A Partnership Approach to America’s International Economic Relations

Oct 3, 2022 10 min read

Commentary By

James Jay Carafano @JJCarafano

Senior Counselor to the President and E.W. Richardson Fellow

Dan Negrea

Previously served at the Department of State

Max Primorac

Senior Research Fellow, Margaret Thatcher Center for Freedom

Anthony B. Kim @akfreedom

Research Fellow and Editor of the Index of Economic Freedom

There is a promising new way for the United States to increase its involvement in the global economy and to help countries around the world. Busakorn Pongparnit / Getty Images

Key Takeaways

A key element of soft power is economic assistance. America will help itself and the world more if it moves from handing out aid to creating partnerships.

Governments can create and nurture these partnerships, but it is the private sector that makes most of them work. And that is a good thing.

America’s partners are looking for an alternative to the Chinese, Russian, and Iranian models. They do not want to live in a world dominated by these three.

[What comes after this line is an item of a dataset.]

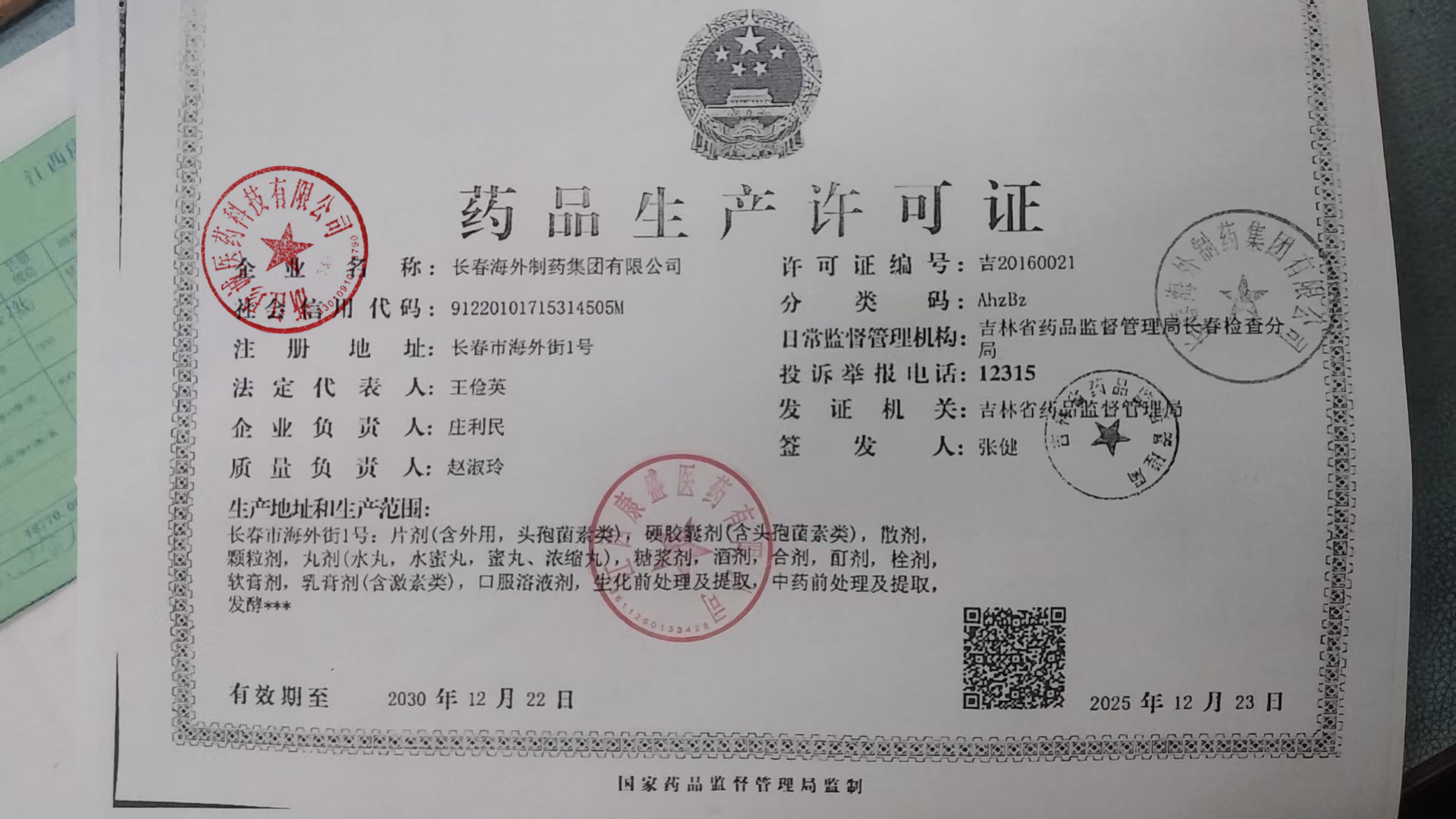 | 2 | Z99004514 | 长春海外制药集团有限公司 | 许可证.jpg | Jan 15, 2026 2:58:04 PM | 查看下载 | |

Here is the hardest hard lesson from the Russian invasion of Ukraine: Brutal geopolitics has not gone out of style; revisionist powers still strive to take land with a bloody fist. The United States and the free world must take inventory of all the tools in the arsenal of democracy—hard and soft power, alike—and rethink how to use them for greater effect.

A key element of soft power is economic assistance. America will help itself and the world more if it moves from handing out aid to creating partnerships.

The Strategic Context

Today’s geopolitical challenges are daunting.

China is the most capable adversary the United States has ever faced. It is under the absolute control of the Chinese Communist Party, which is ruthless, unprincipled, and rapacious. Its military and economic capacity, lack of inhibition, and willingness to take risks constitute a threat of unprecedented proportions.

Meeting the dangers posed by Beijing must be the primary focus of U.S. strategy. That said, Russia and Iran, who are aligned with China, also pose grave threats that must not be discounted.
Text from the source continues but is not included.